§ **Your assignment**: Transcribe exactly the lines from the first line of the records through the line containing "整體在牆面、天花等處引用多層", and leave out every picture.

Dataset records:

────

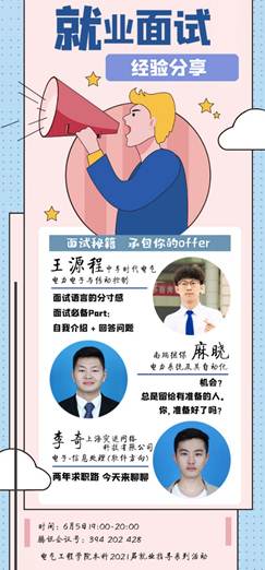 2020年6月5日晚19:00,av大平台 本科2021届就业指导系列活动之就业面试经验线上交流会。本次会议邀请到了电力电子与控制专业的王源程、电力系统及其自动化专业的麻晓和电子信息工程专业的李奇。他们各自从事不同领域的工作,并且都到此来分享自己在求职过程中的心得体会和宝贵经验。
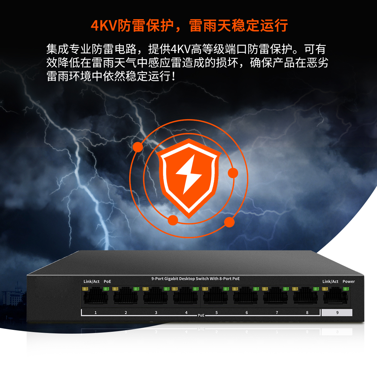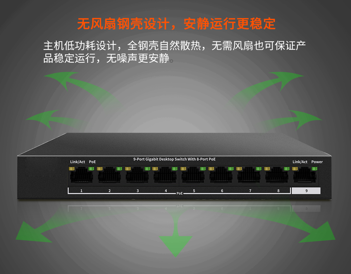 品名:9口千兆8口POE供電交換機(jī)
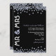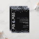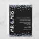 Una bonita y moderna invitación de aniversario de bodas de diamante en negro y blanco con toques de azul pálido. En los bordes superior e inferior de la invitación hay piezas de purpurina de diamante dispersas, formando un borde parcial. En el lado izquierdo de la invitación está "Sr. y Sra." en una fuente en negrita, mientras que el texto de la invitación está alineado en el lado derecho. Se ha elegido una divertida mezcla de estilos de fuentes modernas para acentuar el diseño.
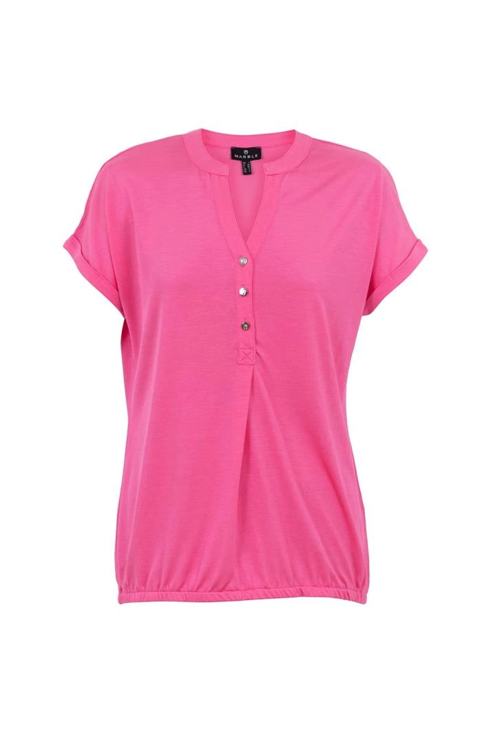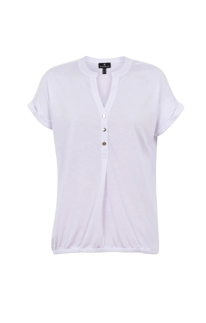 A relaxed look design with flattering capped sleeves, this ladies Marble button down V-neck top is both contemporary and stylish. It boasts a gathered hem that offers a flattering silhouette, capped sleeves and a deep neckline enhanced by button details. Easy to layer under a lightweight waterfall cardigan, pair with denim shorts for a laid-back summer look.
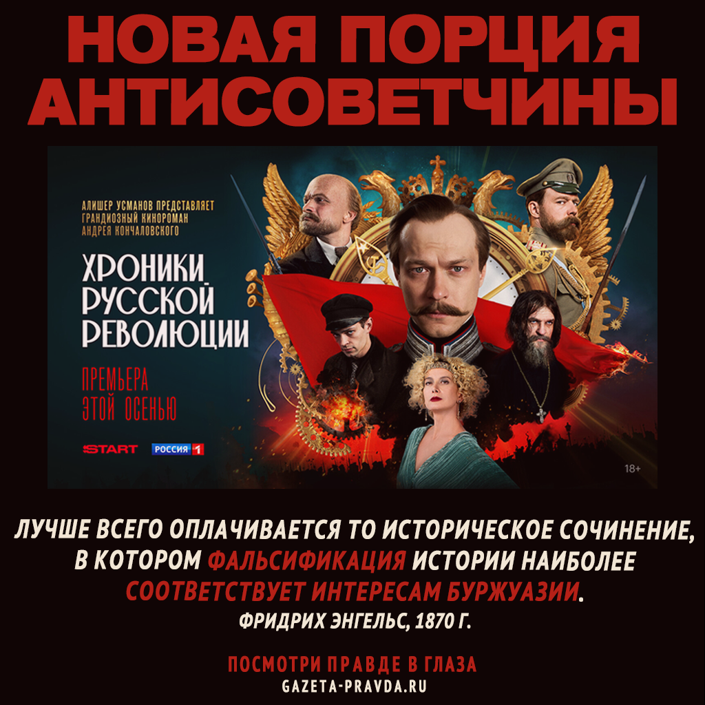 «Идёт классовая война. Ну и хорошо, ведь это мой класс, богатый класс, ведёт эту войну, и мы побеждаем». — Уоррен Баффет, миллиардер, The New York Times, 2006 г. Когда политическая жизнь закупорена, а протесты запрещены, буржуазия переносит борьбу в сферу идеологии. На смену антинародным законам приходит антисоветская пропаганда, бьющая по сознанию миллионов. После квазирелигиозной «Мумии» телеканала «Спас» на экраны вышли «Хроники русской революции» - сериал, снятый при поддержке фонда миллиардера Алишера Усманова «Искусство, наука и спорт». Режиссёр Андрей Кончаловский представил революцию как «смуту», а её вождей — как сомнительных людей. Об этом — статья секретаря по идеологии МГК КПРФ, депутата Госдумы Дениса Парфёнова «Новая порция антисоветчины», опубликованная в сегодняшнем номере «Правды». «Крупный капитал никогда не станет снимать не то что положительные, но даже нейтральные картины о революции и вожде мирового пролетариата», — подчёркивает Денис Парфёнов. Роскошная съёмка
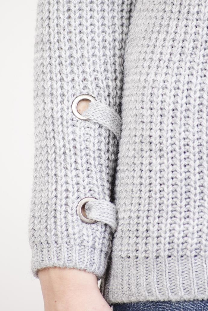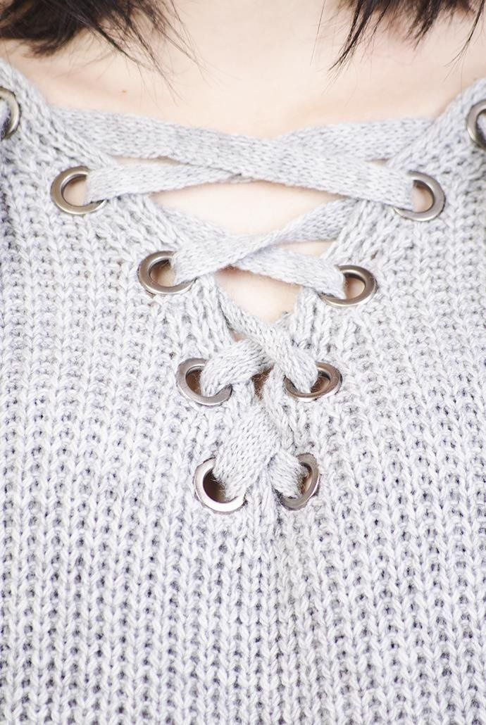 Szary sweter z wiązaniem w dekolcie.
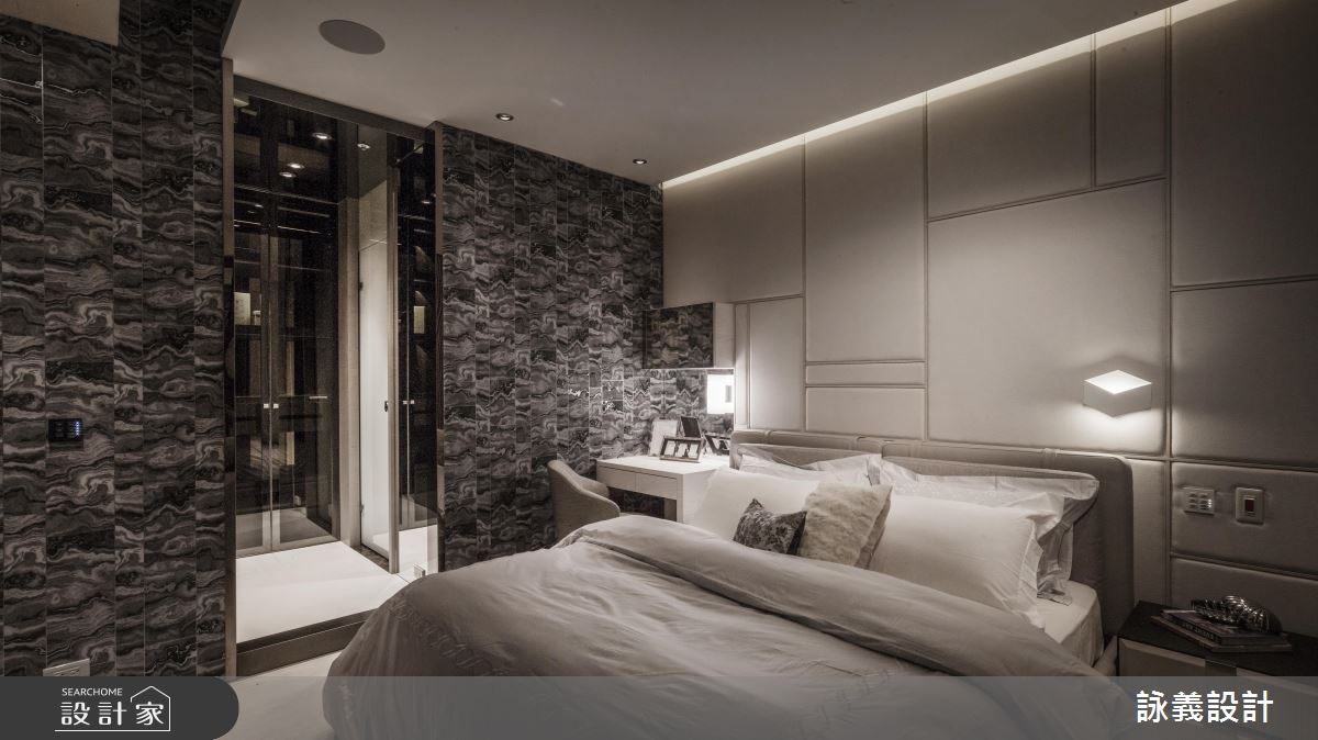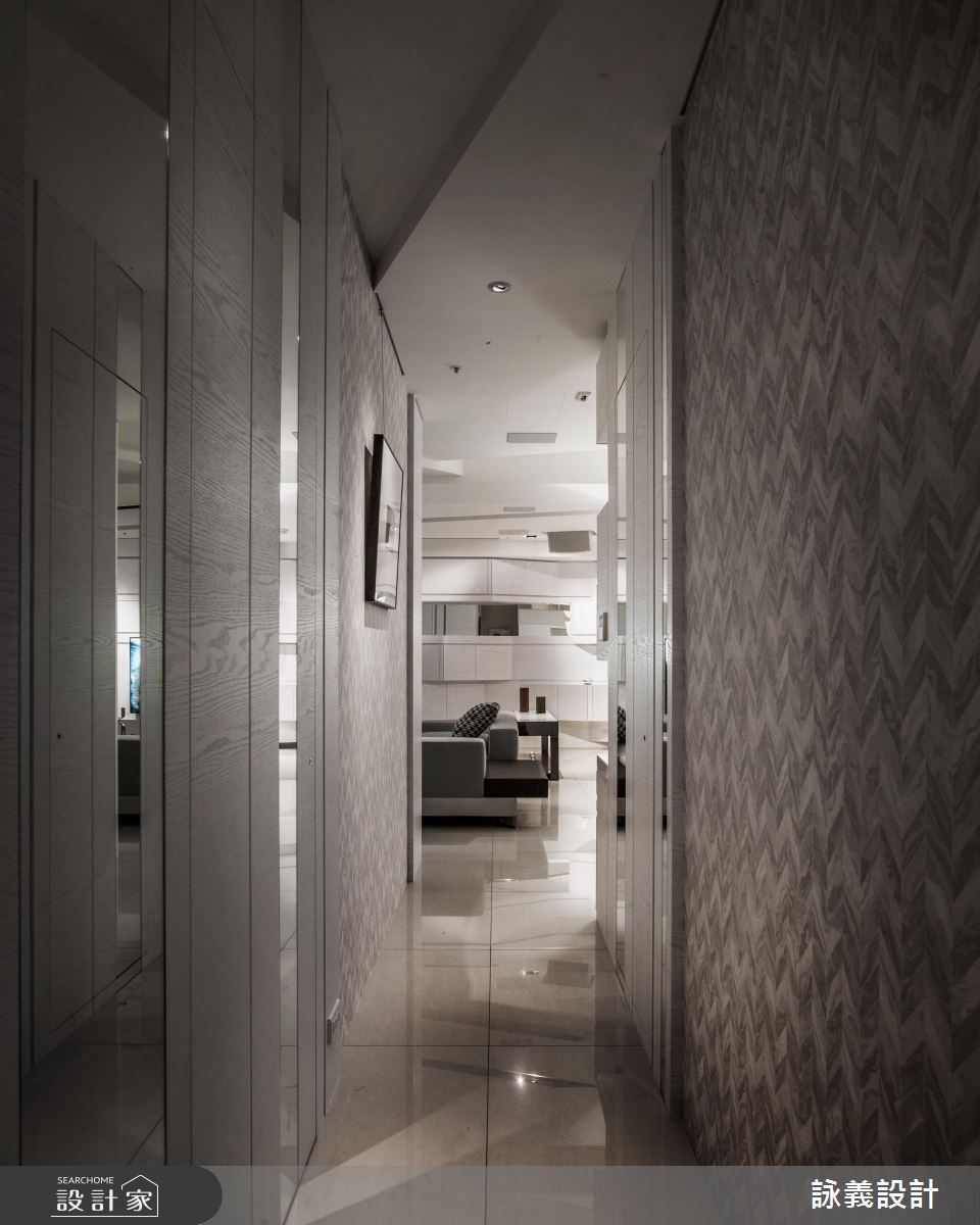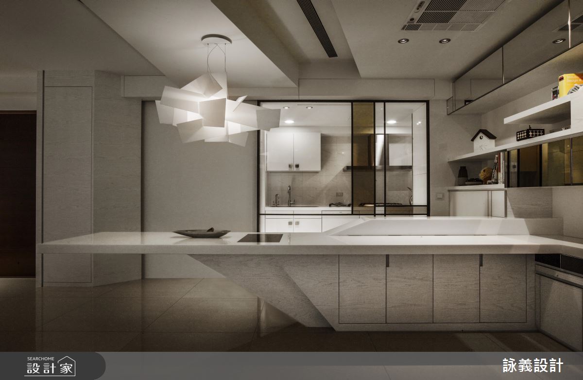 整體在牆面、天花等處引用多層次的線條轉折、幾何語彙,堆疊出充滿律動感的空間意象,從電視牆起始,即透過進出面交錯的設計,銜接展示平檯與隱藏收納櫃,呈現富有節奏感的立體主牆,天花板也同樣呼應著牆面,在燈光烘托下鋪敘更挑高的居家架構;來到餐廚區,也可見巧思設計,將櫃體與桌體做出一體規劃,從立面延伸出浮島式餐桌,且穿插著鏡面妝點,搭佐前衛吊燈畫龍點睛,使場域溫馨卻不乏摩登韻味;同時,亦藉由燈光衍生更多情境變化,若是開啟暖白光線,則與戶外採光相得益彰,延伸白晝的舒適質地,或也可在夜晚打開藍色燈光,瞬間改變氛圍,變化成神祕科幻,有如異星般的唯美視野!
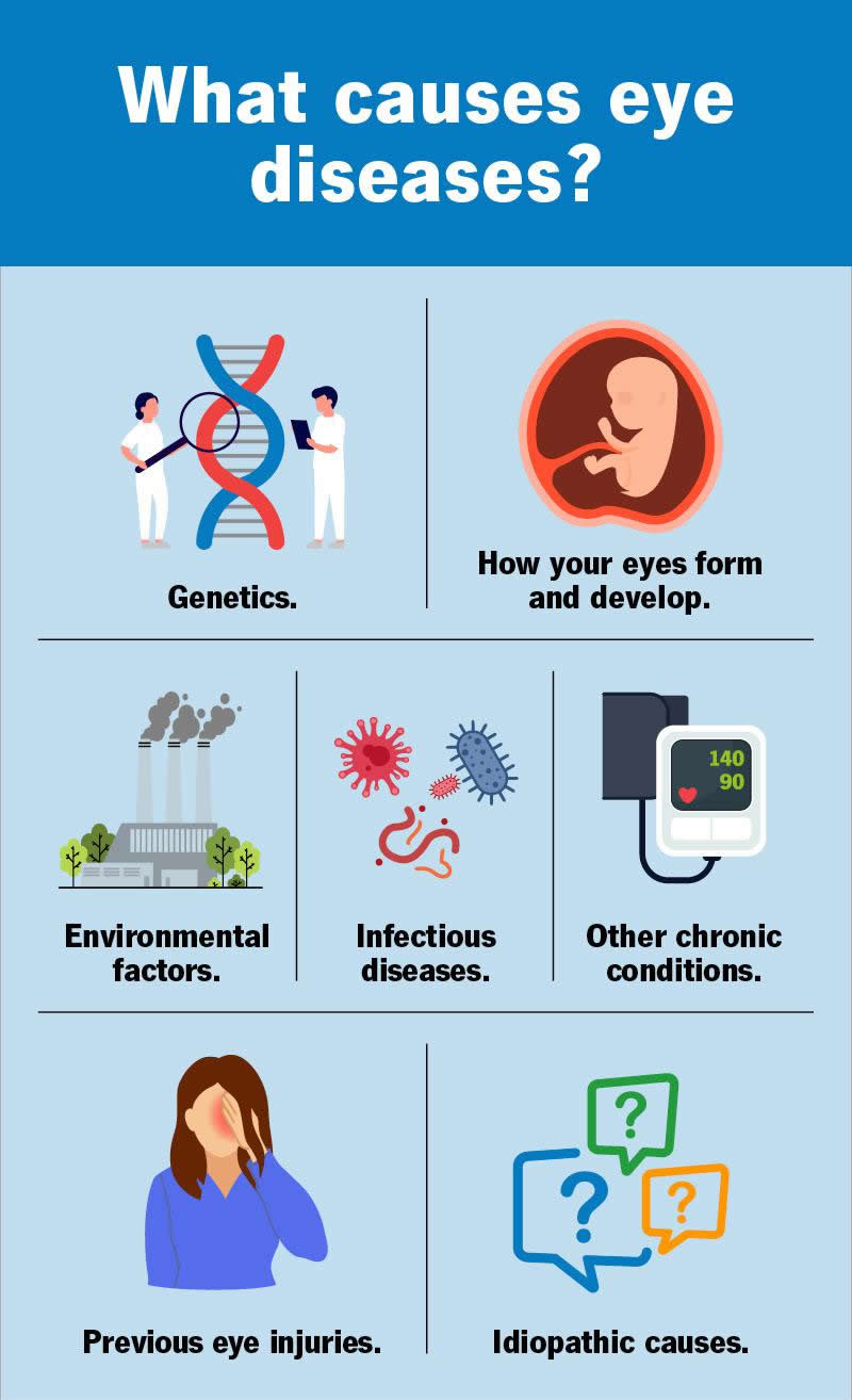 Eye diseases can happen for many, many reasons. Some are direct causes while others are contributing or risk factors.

────

§ **Task output**:
 2020年6月5日晚19:00,av大平台 本科2021届就业指导系列活动之就业面试经验线上交流会。本次会议邀请到了电力电子与控制专业的王源程、电力系统及其自动化专业的麻晓和电子信息工程专业的李奇。他们各自从事不同领域的工作,并且都到此来分享自己在求职过程中的心得体会和宝贵经验。
 品名:9口千兆8口POE供電交換機(jī)
 Una bonita y moderna invitación de aniversario de bodas de diamante en negro y blanco con toques de azul pálido. En los bordes superior e inferior de la invitación hay piezas de purpurina de diamante dispersas, formando un borde parcial. En el lado izquierdo de la invitación está "Sr. y Sra." en una fuente en negrita, mientras que el texto de la invitación está alineado en el lado derecho. Se ha elegido una divertida mezcla de estilos de fuentes modernas para acentuar el diseño.
 A relaxed look design with flattering capped sleeves, this ladies Marble button down V-neck top is both contemporary and stylish. It boasts a gathered hem that offers a flattering silhouette, capped sleeves and a deep neckline enhanced by button details. Easy to layer under a lightweight waterfall cardigan, pair with denim shorts for a laid-back summer look.
 «Идёт классовая война. Ну и хорошо, ведь это мой класс, богатый класс, ведёт эту войну, и мы побеждаем». — Уоррен Баффет, миллиардер, The New York Times, 2006 г. Когда политическая жизнь закупорена, а протесты запрещены, буржуазия переносит борьбу в сферу идеологии. На смену антинародным законам приходит антисоветская пропаганда, бьющая по сознанию миллионов. После квазирелигиозной «Мумии» телеканала «Спас» на экраны вышли «Хроники русской революции» - сериал, снятый при поддержке фонда миллиардера Алишера Усманова «Искусство, наука и спорт». Режиссёр Андрей Кончаловский представил революцию как «смуту», а её вождей — как сомнительных людей. Об этом — статья секретаря по идеологии МГК КПРФ, депутата Госдумы Дениса Парфёнова «Новая порция антисоветчины», опубликованная в сегодняшнем номере «Правды». «Крупный капитал никогда не станет снимать не то что положительные, но даже нейтральные картины о революции и вожде мирового пролетариата», — подчёркивает Денис Парфёнов. Роскошная съёмка
 Szary sweter z wiązaniem w dekolcie.
 整體在牆面、天花等處引用多層次的線條轉折、幾何語彙,堆疊出充滿律動感的空間意象,從電視牆起始,即透過進出面交錯的設計,銜接展示平檯與隱藏收納櫃,呈現富有節奏感的立體主牆,天花板也同樣呼應著牆面,在燈光烘托下鋪敘更挑高的居家架構;來到餐廚區,也可見巧思設計,將櫃體與桌體做出一體規劃,從立面延伸出浮島式餐桌,且穿插著鏡面妝點,搭佐前衛吊燈畫龍點睛,使場域溫馨卻不乏摩登韻味;同時,亦藉由燈光衍生更多情境變化,若是開啟暖白光線,則與戶外採光相得益彰,延伸白晝的舒適質地,或也可在夜晚打開藍色燈光,瞬間改變氛圍,變化成神祕科幻,有如異星般的唯美視野!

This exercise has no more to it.